There are several risks that investors should be aware of before investing in this biotech. The first risk to consider would be with respect to the NDA filing of reproxalap for the treatment of patients with DED. While there is a comprehensive package established for this program with multiple studies, there is no guarantee that the FDA will approve reproxalap for this indication in 2023. The second risk would be with respect to the phase 3 INVIGORATE-2 study, which is using reproxalap for the treatment of patients with allergic conjunctivitis. There is no assurance that the primary endpoint will be met, and in that case, Aldeyra will not be able to file a regulatory application for approval of reproxalap for this indication. The final risks to consider would be with respect to the other data readouts coming up. One data readout would be the use of ADX-629 in a phase 2 study for the treatment of patients with alcoholic hepatitis and then another for use of ADX-2191 in a phase 2 study for the treatment of patients with retinitis pigmentosa. They are each expected in Q4 of 2022 and 1st half of 2023 respectively. Hopefully, one of these clinical candidates will be successful, but there is no guarantee that they will meet the intended efficacy endpoints.

Conclusion

The final conclusion is that Aldeyra Therapeutics is a great speculative biotech play to look into. The reason why I state this is because it has several catalysts for investors to look forward to. The biggest catalyst of them all would be the potential to receive FDA approval of reproxalap for the treatment of patients with DED, which is anticipated in 2023. However, as I described above there are several other catalysts on the way for investors to look forward to.
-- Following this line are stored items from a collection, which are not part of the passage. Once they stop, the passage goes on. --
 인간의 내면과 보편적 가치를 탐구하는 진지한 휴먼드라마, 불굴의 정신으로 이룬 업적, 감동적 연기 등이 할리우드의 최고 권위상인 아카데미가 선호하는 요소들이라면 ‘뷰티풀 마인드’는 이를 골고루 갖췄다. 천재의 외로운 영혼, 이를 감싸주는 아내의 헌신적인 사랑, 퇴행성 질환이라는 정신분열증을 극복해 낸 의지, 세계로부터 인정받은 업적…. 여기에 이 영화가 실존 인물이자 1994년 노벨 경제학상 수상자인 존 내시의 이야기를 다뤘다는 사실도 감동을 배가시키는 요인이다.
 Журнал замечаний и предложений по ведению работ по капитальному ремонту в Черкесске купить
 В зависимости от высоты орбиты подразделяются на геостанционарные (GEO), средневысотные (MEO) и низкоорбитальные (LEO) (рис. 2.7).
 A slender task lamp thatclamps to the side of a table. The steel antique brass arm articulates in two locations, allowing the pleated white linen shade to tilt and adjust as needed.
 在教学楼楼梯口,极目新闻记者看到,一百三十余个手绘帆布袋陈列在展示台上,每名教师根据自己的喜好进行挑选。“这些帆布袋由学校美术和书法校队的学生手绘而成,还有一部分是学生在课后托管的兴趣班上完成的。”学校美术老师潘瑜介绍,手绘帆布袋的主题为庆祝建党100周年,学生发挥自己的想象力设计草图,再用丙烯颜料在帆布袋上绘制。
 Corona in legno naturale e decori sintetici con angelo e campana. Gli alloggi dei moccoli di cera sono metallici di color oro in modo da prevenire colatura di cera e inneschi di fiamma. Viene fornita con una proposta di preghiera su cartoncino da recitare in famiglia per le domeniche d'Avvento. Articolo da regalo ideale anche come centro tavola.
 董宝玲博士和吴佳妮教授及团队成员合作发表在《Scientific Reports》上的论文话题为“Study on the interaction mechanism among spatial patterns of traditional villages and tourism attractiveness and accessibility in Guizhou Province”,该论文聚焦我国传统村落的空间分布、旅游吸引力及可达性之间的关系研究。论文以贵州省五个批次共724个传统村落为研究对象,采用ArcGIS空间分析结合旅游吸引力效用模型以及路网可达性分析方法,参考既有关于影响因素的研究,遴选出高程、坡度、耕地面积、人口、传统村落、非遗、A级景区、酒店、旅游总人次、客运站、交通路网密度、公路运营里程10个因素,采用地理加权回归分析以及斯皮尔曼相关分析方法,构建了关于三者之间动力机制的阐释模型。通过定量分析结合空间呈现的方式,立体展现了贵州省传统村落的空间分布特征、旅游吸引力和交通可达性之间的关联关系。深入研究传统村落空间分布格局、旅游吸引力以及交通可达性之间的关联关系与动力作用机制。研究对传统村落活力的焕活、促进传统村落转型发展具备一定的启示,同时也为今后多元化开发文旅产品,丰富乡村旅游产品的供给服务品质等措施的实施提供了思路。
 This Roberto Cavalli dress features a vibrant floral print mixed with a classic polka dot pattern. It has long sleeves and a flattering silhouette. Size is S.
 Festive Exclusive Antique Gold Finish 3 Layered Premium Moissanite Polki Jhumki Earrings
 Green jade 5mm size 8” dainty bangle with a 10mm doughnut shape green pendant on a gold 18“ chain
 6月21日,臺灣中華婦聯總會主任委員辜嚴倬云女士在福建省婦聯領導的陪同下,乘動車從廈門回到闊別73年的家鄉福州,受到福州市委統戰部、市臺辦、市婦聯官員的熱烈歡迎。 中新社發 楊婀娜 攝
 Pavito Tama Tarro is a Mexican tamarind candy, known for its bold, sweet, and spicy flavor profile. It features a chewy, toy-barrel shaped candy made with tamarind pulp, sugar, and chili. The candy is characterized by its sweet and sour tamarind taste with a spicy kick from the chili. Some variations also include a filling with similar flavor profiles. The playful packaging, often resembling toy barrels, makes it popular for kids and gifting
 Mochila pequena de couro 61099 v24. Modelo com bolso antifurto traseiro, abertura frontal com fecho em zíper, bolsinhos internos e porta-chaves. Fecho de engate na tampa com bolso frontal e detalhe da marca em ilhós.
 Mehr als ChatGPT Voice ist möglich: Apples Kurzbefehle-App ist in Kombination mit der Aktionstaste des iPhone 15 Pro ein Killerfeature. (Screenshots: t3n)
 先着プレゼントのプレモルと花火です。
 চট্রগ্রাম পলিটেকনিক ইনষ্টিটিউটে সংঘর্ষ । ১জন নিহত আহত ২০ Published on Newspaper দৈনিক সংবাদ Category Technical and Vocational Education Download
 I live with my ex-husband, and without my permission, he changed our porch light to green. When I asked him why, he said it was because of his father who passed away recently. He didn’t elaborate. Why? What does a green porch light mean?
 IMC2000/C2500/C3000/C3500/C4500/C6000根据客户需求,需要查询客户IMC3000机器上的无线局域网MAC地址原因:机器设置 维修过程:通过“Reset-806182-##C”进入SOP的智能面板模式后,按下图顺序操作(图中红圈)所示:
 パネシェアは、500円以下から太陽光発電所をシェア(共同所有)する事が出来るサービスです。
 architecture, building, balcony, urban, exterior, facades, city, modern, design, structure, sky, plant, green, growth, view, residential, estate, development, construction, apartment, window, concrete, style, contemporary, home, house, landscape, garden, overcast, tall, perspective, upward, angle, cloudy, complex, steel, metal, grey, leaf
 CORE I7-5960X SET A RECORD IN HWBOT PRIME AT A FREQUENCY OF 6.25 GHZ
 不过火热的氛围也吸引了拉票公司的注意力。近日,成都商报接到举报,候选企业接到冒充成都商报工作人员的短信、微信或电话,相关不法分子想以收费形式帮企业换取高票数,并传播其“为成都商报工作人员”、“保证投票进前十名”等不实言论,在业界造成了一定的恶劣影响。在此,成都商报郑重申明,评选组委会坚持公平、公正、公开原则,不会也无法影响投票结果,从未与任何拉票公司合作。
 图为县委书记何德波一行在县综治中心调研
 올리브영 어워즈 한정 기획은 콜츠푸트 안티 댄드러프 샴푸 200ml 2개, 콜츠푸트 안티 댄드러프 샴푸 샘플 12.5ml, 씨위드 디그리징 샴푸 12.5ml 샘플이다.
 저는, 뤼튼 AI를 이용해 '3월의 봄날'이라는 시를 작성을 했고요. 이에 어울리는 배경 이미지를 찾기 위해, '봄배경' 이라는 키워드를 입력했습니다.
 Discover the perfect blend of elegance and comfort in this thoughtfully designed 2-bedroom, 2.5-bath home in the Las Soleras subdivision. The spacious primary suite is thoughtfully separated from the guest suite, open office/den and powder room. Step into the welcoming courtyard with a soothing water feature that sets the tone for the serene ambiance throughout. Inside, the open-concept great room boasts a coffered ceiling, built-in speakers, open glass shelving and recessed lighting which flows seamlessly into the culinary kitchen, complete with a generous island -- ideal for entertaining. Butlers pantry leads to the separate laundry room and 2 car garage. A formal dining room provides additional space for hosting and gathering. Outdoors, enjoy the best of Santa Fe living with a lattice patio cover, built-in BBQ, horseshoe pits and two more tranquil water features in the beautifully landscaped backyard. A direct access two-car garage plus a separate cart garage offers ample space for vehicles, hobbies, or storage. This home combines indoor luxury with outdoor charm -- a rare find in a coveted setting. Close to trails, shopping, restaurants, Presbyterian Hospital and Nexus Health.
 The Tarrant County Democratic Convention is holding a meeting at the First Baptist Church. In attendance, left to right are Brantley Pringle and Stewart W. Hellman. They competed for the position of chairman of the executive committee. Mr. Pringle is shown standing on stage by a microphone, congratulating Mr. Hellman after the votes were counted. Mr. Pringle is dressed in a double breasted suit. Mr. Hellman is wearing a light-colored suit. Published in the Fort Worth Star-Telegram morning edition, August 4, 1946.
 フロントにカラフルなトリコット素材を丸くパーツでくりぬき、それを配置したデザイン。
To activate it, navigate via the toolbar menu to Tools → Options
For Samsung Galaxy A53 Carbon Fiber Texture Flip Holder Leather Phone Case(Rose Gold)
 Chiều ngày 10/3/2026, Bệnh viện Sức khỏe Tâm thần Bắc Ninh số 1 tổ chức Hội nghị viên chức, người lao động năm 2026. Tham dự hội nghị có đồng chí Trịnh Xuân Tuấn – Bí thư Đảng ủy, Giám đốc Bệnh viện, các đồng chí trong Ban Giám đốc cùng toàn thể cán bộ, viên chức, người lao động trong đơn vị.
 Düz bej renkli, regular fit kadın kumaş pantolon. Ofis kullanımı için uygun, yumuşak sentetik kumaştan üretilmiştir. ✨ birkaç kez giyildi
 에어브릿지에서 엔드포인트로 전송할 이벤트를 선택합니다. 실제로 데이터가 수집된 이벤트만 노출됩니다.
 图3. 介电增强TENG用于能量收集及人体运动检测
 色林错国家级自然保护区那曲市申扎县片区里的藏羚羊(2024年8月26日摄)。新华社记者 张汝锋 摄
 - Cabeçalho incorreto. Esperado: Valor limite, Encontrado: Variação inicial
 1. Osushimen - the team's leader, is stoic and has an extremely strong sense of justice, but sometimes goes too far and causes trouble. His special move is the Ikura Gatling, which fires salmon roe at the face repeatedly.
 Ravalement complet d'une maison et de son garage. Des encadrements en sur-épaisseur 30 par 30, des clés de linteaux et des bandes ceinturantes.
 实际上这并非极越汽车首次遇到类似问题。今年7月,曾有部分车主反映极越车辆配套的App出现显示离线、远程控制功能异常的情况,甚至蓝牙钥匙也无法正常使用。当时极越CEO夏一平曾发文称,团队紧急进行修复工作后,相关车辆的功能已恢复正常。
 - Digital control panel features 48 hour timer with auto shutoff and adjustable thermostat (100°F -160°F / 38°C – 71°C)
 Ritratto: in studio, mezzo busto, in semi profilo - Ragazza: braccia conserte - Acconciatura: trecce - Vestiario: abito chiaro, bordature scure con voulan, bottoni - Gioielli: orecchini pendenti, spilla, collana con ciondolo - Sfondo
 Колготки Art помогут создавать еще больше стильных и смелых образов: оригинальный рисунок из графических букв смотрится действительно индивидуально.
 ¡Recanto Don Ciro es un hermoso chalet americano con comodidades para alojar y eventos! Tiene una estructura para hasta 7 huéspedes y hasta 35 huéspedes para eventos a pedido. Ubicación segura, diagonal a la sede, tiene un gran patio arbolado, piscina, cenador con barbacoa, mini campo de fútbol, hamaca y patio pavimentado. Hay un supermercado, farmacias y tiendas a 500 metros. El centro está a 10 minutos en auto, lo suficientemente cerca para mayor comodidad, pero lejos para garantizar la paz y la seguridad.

The closest catalyst being the data readout expected from the phase 2 study using ADX-629 for the treatment of patients with alcoholic hepatitis, which are expected any day now before the end of 2022. With the potential to receive FDA approval of reproxalap for the treatment of patients with DED in the coming year, plus several catalysts on the way as well, these are the reasons why I believe that Aldeyra Therapeutics is a great speculative biotech play to look into.